What the task requires. Extract only the lines from the start of the entries below to the line with "Οι άλλες τρεις", inclusive; omit every picture.

Raw data.
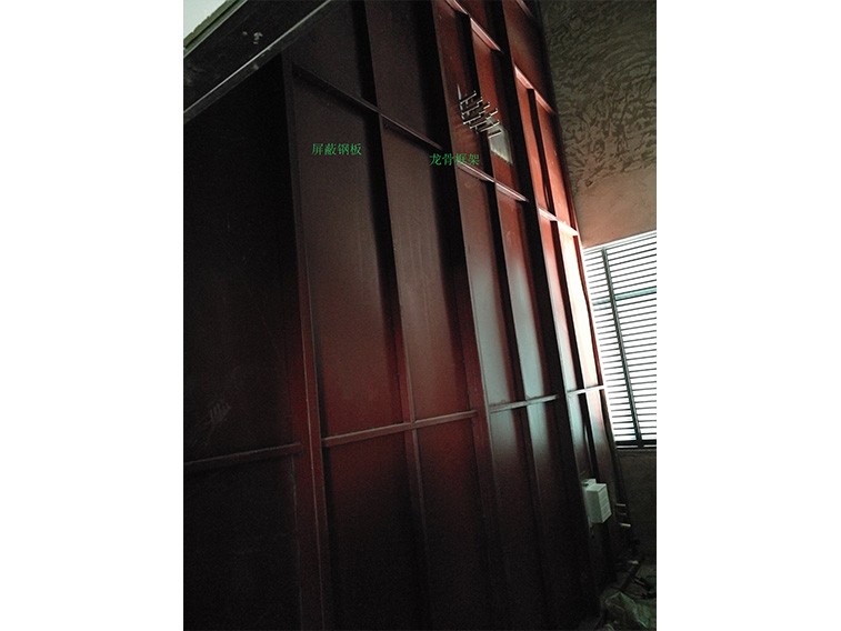 型鋼組成的龍門框架、冷軋或鍍鋅鋼板屏蔽殼體、屏蔽門、通風(fēng)波導(dǎo)窗、電源(信號(hào))濾波器、室內(nèi)電氣及裝飾。
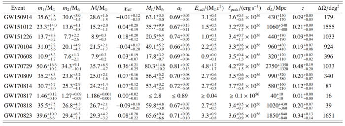 Οι άλλες τρεις νέες περιπτώσεις βαρυτικών κυμάτων (GW170809, GW170818 και GW170823) που ανακοινώθηκαν τώρα και είχαν ανιχνευθεί αρχικά πέρυσι τον Αύγουστο, προερχόμενες όλες από τη συγχώνευση ζευγαριών μαύρων τρυπών, οδήγησαν σε νέες ενιαίες μαύρες τρύπες με μεγέθη 56 έως 66 φορές μεγαλύτερα του Ήλιου.
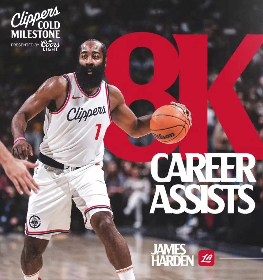 在北京时间 2 月 1 日的 NBA 常规赛中,洛杉矶快船在客场以 112 - 104 击败夏洛特黄蜂,成功收获两连胜。此役,快船的哈登迎来了里程碑之夜,达成了生涯常规赛 8000 次助攻的壮举,成为 NBA 历史上第二快达到 26000 分 + 8000 助攻 + 6000 篮板的球员,尽管他的手感在这场比赛中有些 “迷失”,12 投 4 中,三分球 6 投 1 中。
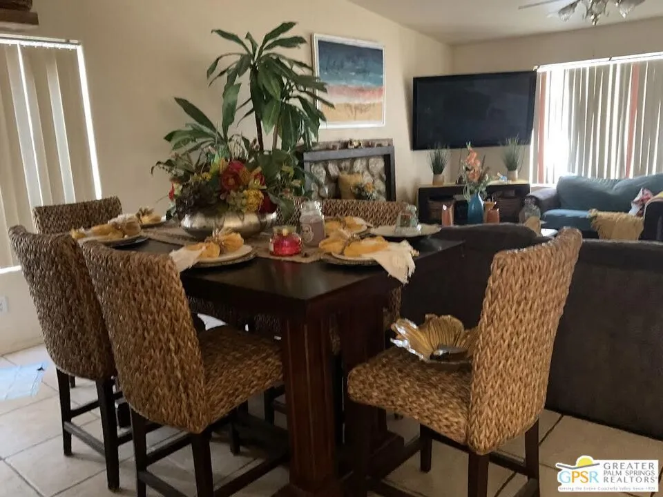 Come see this well maintained family home that has the perfect floor plan for a four bedroom two bath home the guest bathroom has nice extended stone counter top with two sinks and a tub shower and don't forget a over sized master bedroom that has views of the San Jacinto mountains the master bathroom has a large walk-in shower. This home is spacious and it has good size bedrooms with a large living room that has a custom decorated fire place and perfect size dining room for special occasion and entertainment. The guest sized bedrooms and a great located in a quite family neighborhood call to day to set your appointment.
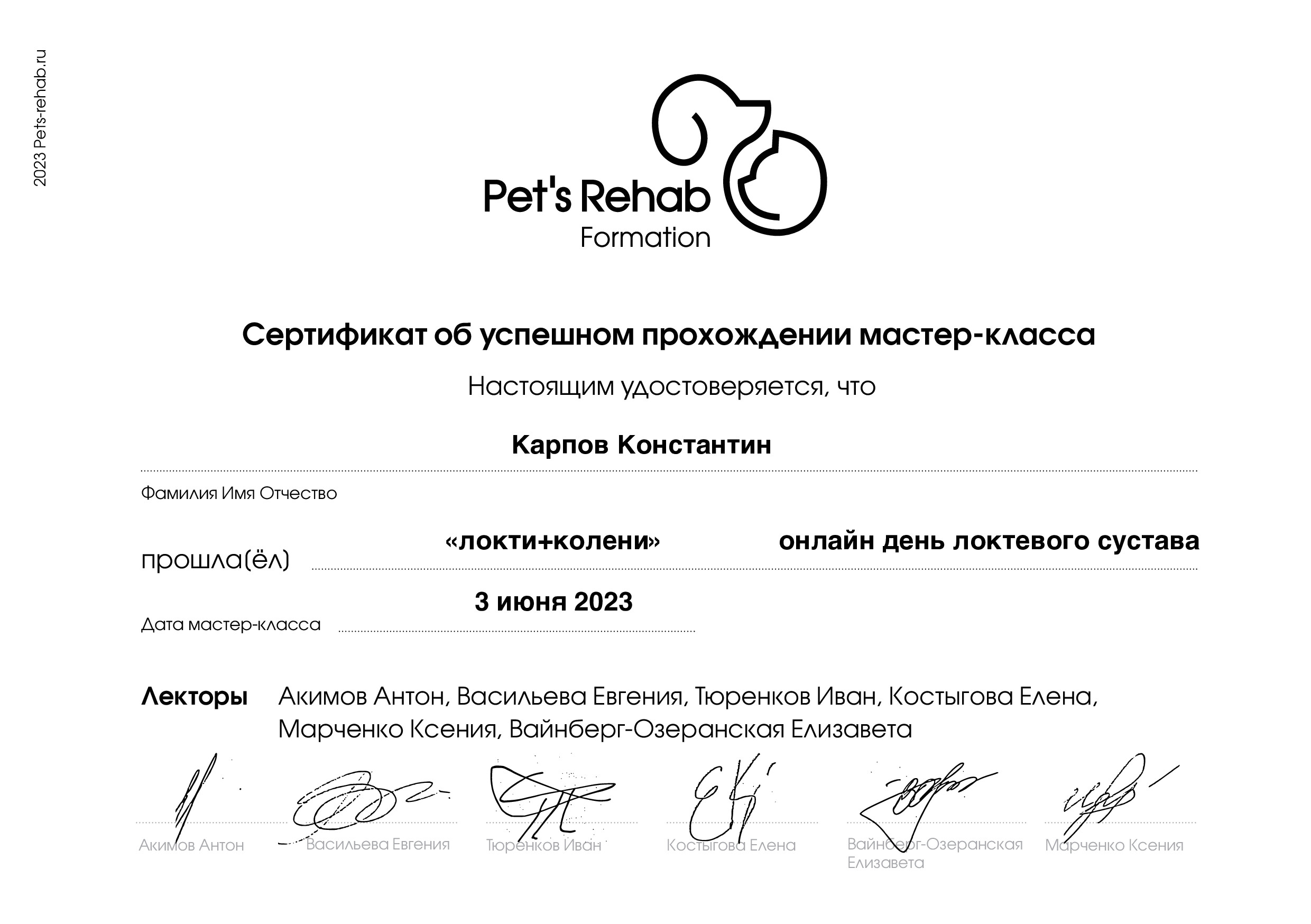 2023 год – прошёл мастер-класс по заболеванию локтевых суставов в Pet's Rehab Formation.

Your response.
 型鋼組成的龍門框架、冷軋或鍍鋅鋼板屏蔽殼體、屏蔽門、通風(fēng)波導(dǎo)窗、電源(信號(hào))濾波器、室內(nèi)電氣及裝飾。
 Οι άλλες τρεις νέες περιπτώσεις βαρυτικών κυμάτων (GW170809, GW170818 και GW170823) που ανακοινώθηκαν τώρα και είχαν ανιχνευθεί αρχικά πέρυσι τον Αύγουστο, προερχόμενες όλες από τη συγχώνευση ζευγαριών μαύρων τρυπών, οδήγησαν σε νέες ενιαίες μαύρες τρύπες με μεγέθη 56 έως 66 φορές μεγαλύτερα του Ήλιου.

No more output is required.